▶ Work order
For the data that follows, print the line with "The great thing", the line with "Copper Pearl's burp", and all lines between them, exactly as they stand. Omit pictures and add nothing.

▶ Information supplied
+---+

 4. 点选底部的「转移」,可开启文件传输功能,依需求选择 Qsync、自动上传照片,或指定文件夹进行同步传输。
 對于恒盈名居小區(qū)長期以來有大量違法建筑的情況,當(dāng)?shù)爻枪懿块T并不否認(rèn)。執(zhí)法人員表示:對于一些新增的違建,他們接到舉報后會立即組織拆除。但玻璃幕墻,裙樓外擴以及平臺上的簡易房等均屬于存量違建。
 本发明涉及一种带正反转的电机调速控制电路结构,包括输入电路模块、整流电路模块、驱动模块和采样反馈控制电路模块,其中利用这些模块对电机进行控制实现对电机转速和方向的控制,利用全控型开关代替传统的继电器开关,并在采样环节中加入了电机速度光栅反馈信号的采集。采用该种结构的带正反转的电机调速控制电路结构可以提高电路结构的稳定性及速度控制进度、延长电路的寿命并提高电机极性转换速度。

+---+

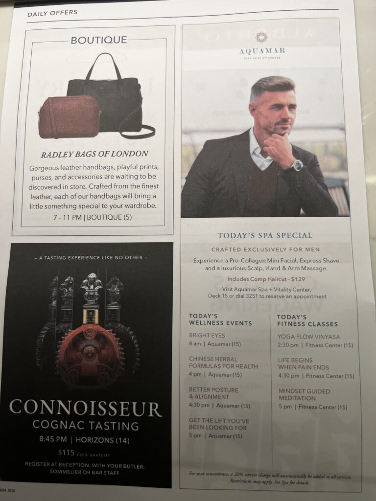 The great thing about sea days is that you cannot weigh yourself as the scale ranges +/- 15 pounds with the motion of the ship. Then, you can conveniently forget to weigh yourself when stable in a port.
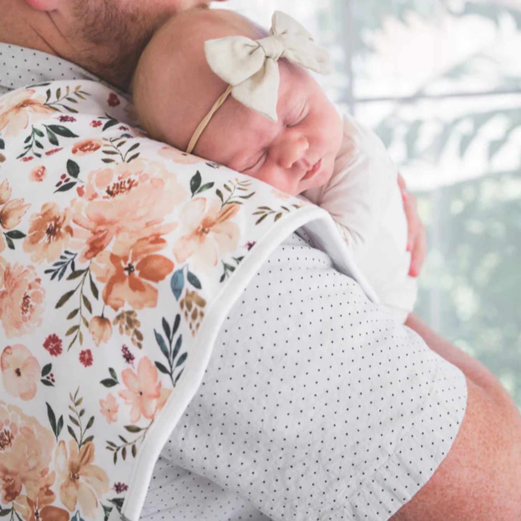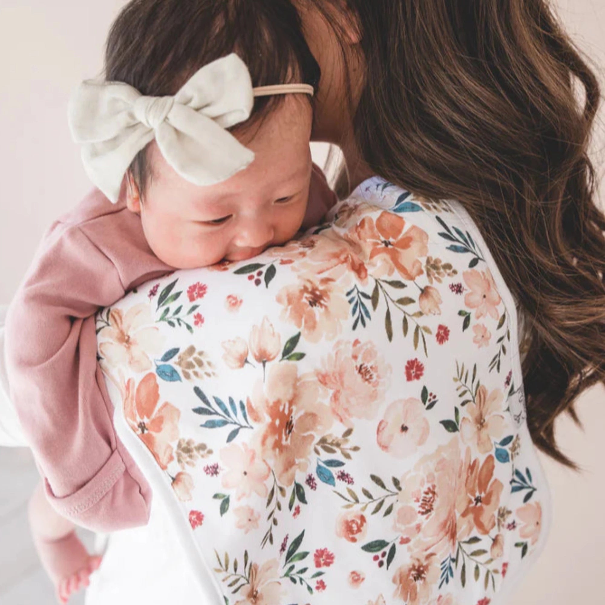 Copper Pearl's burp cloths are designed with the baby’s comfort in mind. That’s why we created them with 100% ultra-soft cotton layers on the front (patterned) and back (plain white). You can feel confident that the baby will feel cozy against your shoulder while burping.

+---+

▶ Response to this task
 The great thing about sea days is that you cannot weigh yourself as the scale ranges +/- 15 pounds with the motion of the ship. Then, you can conveniently forget to weigh yourself when stable in a port.
 Copper Pearl's burp cloths are designed with the baby’s comfort in mind. That’s why we created them with 100% ultra-soft cotton layers on the front (patterned) and back (plain white). You can feel confident that the baby will feel cozy against your shoulder while burping.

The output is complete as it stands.